Perhaps the best way to explain this is to consider the difference between their locations.  If after n steps the first statistician is at position X_n and the second at position Y_n, then let’s look at D_n=X_n-Y_n.  The two drunks will meet at any time n when X_n=Y_n, which is the same as D_n=(0,0) (the position at time n has two coordinates since we are in two dimensions).

It turns out that D_n itself is essentially a simple random walk, and that the two drunks not only meet again, but they meet infinitely often, because D_n returns to (0,0) infinitely often.  The posh way of saying this is that “simple symmetric random walk in two dimensions is recurrent”.  It is perhaps not surprising that if instead of stumbling around an infinite forest they stumble along an infinite footpath (one dimensional), they will also meet each other infinitely often (“simple symmetric random walk in one dimension is recurrent”).  Note that if the bar is located instead in an infinitely high, wide and long mall they might never meet again (“simple symmetric random walk in three dimensions is not recurrent”).

If the above was good news for the drunks, there is some bad news.  Although they will meet each other again in finite time, the  “average” time it takes them to meet again is infinite.  This is true both in the forest and on the footpath.

If you are interested in the relevant calculations, ask a graduate student in probability (they should also be easy to find on the internet).  If you are satisfied that you understand that, try to solve the following:

 “A physicist, a probabilist and a statistician walk out of a bar…..”

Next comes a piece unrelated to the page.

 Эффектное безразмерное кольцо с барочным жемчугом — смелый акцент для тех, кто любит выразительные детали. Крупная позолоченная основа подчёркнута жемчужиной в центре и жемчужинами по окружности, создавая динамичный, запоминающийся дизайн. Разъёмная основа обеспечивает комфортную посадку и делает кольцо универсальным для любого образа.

Suppose that we have three independent random walkers instead of two.  The above discussion says that each PAIR of walkers will meet each other infinitely often (in two dimensions).  Will all three meet each other simultaneously?

 

… so, dear readers, let us have it!  Don’t be shy.

 

September 13, 2013

How dangerous are weddings?

According to the Herald, the ACC wants us to be careful about weddings — about getting injured at them, that is.

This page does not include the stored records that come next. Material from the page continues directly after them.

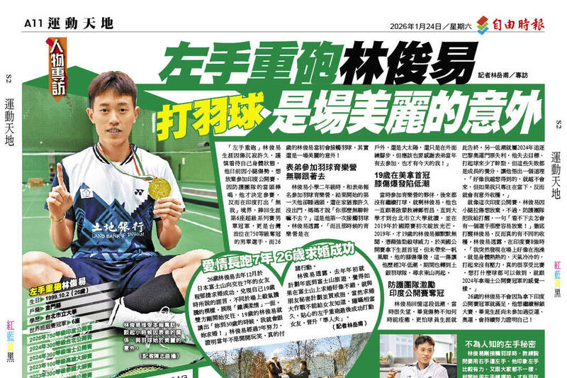林俊易接受本報專訪,談起小時候因表弟的關係,與羽球始於美麗的意外。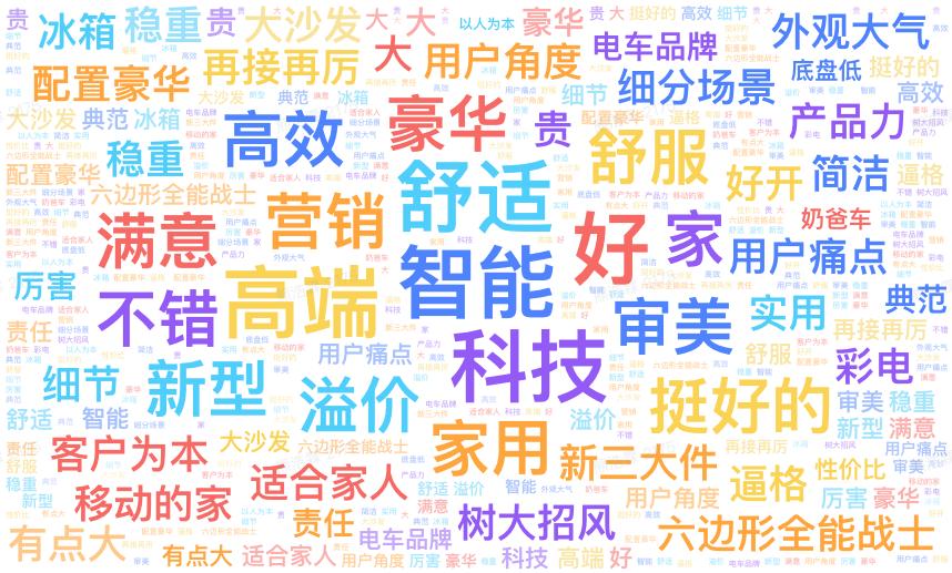 在对理想品牌的评估中,受访者普遍认为「智能」、「科技」和「舒适」是该品牌最突出的特点。尽管部分用户对理想品牌的印象包含「营销」「有点大」等负面词汇,但总体而言,大定车主对理想品牌的正面评价明显占优。这表明理想品牌在用户心目中的形象主要受到其产品智能化、科技感和舒适性的积极影响。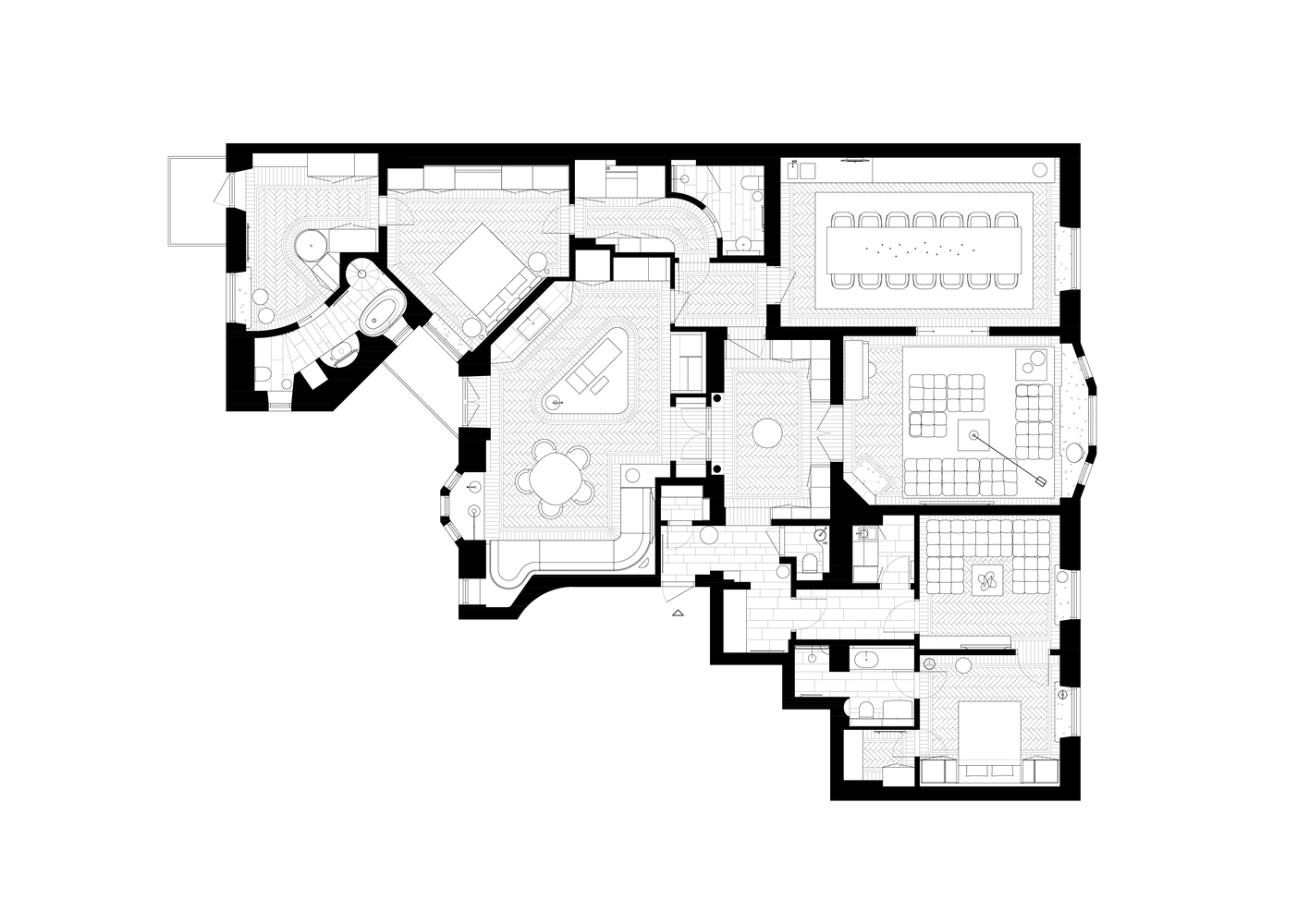 რემონტის ეტაპზე სამზარეულო უფრო ცენტრალურ ნაწილში გადავიდა, რამაც დამატებითი სივრცე შექმნა მისაღებ ოთახსა და სასადილო სივრცეს შორის. სტუმრებს შესაძლებლობა მიეცათ, რომ საცხოვრებელ და სასადილო ოთახებს შიდა დერეფნის მეშვეობით დაუკავშირდნენ. შედარებით უფრო კონფიდენციალური ოთახები, მაგალითად, საძინებელი და სააბაზანო განლაგებულია ბინის საპირისპირო ნაწილში. ფერების პალიტრა ამ შემთხვევაშიც ძალიან რბილი და თბილია, თუმცა საგრძნობლად განსხვავდება სხვა ოთახებში გამოყენებული ტონებისაგან.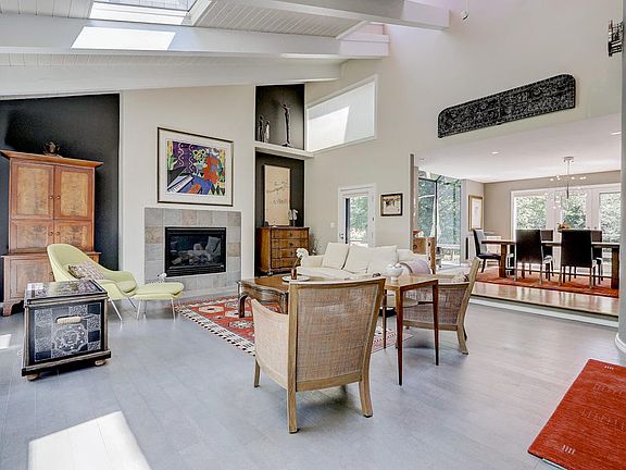 Stunning One if a Kind Contemporary on a 4.9 acre wooded lot in sought after location!. The ultimate in privacy and seclusion at the end of a private shared drive! Custom Kahler/Slater architect design with vaulted ceilings, skylights, and windows to bring your private nature space indoors. Seller reconfigured and renovated for 2020 living. Spectacular Open Concept Kitchen by Past Basket~ custom cabinetry ~ Grand Island with second sink Teak tabletop~ Herringbone wood floors~Formal Dining Room ~ Great Room~2 Fireplaces~Spectacular walkout lower level family room with space galore ! Upstairs a large Master Suite and master bath with soaking tub and steam shower. 2 more bedrooms and 2 more baths , a grand extra walk-in closet and second floor laundry finish the second floor. Unique&Fabulous!
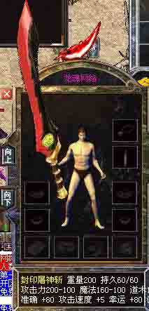 张飞ㄎ斩 幸运+25 准确+25 攻击48-160 魔法48-80 道术48-80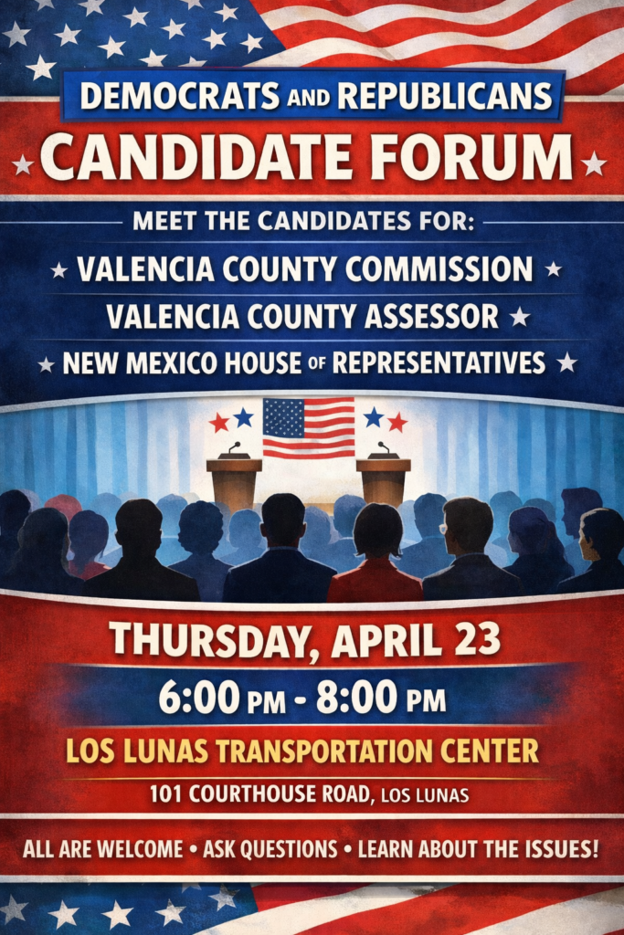 | Mark your calendars! The 2026 Candidates Forum is happening Thursday, April 23, 2026, from 6:00 PM to 8:00 PM at the Los Lunas Transportation Center. Come hear from candidates running for Valencia County Commissioner Districts 1 and 3, State Representative, and County Assessor. Presented by the Valencia County News-Bulletin, this forum is a great chance to learn where the candidates stand on the issues and stay informed before Election Day. Your voice matters, and informed voters make strong communities. We hope to see you there! |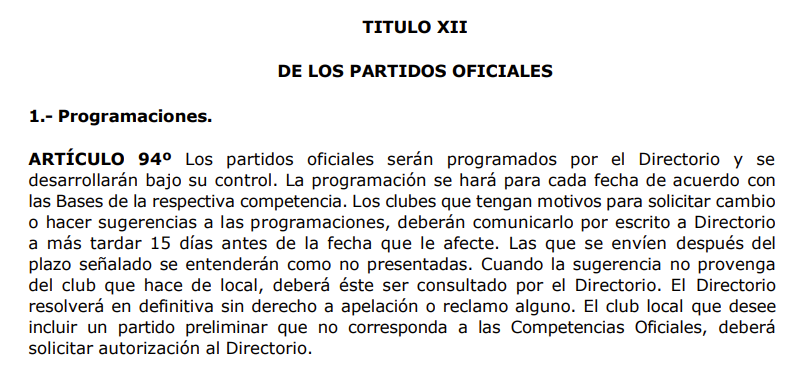 Sin embargo, el reglamento de la ANFP complica la solicitud calerana. Si bien las bases del Campeonato como tal no muestran impedimentos, el Artículo 94 del régimen de la Asociación -vigente desde junio- indica que cualquier solicitud de cambio de programación por parte de los clubes "deberán comunicarlo a más tardar 15 días antes de la fecha que le afecte", condición que en este caso no se cumple.

Weddings are supposed to be the happiest day of your life – try telling that to the hundreds of people who make ACC claims for injuries at ceremonies.

From tripping on the bride’s dress to swallowing the ring, nuptials can be surprisingly hazardous.

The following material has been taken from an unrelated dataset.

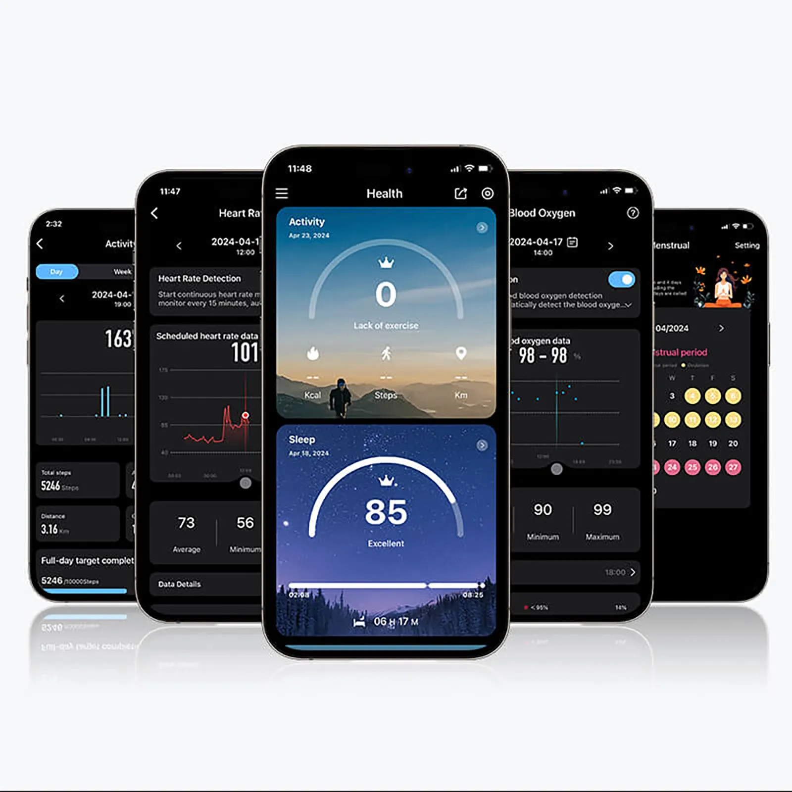 - Comprehensive Health Monitoring-24/7 heart rate, blood oxygen, and sleep tracking for ultimate wellness insights.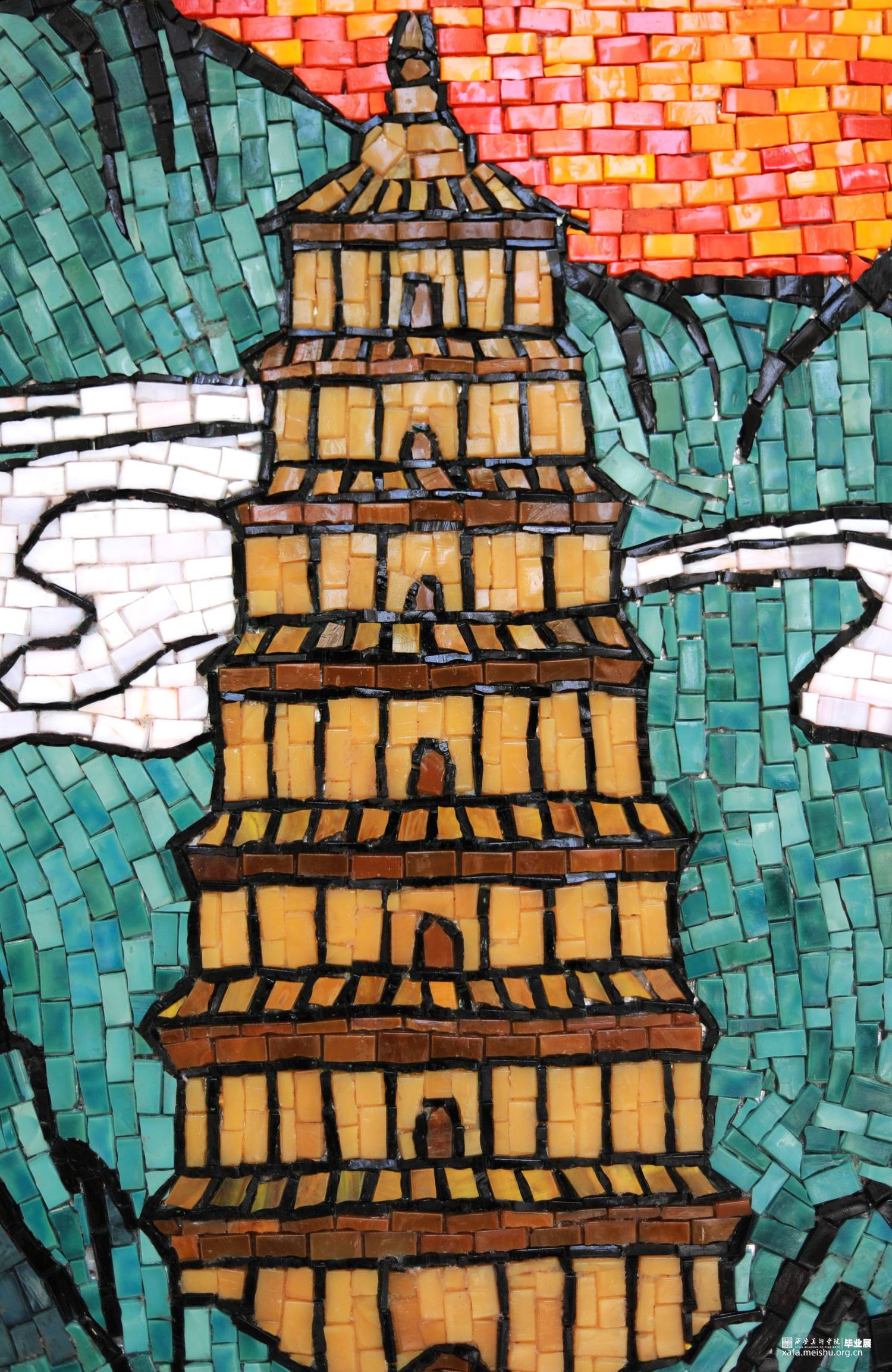 世界上有七大奇迹,秦兵马俑的发现,完全可以算得上是第八大奇迹!不看金字塔不算到埃及,而不看秦兵马俑就不算到过中国。作品以兵马俑为主题,选取西安文化历史中的元素,诸如:秦始皇兵马俑、永宁门、大雁塔、小雁塔、钟楼、华山、旭日东升、飞翔的场景等画面勾勒出了具有西安历史文化特色的马赛克室内装饰作品。

New figures show at least 600 people made claims to the ACC between 2010 and 2012.

So, how does the 600 claims over three years compare to what you’d expect from an average day?

The ACC accepted 1.7 million new claims last year, which gives about 0.4 claims per person per year, or about 0.001 per person per day.

There were about 20 000 marriages in New Zealand last year, so about 60 000 over 2010-2012, giving about 0.01 ACC claims per marriage.  The 600 reported claims would then be about what you’d expect if there were 10 person-days of exposure per marriage.

My experience is that wedding celebrations typically involve more than ten people, and, with setup and rehearsals, often more than one day.  It looks as though weddings, like Christmas, are actually safer than ordinary days.

August 23, 2013

Political polling

Two episodes to be noted

First, the GCSB bill.

We’ve had a nomination for Stat of the Week for the Campbell Live bogus poll finding 89% opposition to the bill: you just can’t draw that sort of conclusion from self-selected phone-in polls.  On the other hand, they did get over 50000 identified individuals voting, so as a petition it isn’t completely negligible — that’s a bit more than 1.5% of voters.

The Fairfax/Ipsos real poll found a bare majority who trusted the government to protect privacy and only about 30% who were seriously opposed to the bill.  The pollster or the papers fell down badly by not giving us a party breakdown of these figures.  If half the 30% were National voters, the government should have been concerned, but if, like me, they were mostly Labour/Greens voters already, there isn’t any political problem in ignoring them. It’s also a pity there wasn’t any polling relevant to the most obvious pressure point in the coalition – “Would you vote for ACT if they voted against the bill?” would have been an interesting and important thing to know.

Second, the West Island.

As you may have heard, they are having an election soon. In addition to the traditional election polls there are new automated ‘robopolls’ that are sufficiently cheaper that it’s possible to get a useful sample size in single electorates. Or perhaps not. The Sydney Morning Herald has an interesting report

Lonergan’s own national poll reports only a 2 per cent swing against Labor. Yet in the three seats it polled individually, it found an average swing of 10 per cent. That’s huge, far bigger than we have seen in any Federal election since 1943.

 

August 17, 2013

False positives

From a number of fields

So when one particular paper began to strain the servers, attracting hundreds if not thousands of downloads, the entire editorial board began to pay attention. “What,” they asked, “is so special about this paper on the ryanodine receptor of Caenorhabditis elegans?” (For those of you who don’t know, Caenorhabditis elegans is a very common and much-loved model animal—it’s a small, soil-living roundworm with some very useful features. Please don’t ask me what a ryanodine receptor is; I don’t know and I don’t really care.)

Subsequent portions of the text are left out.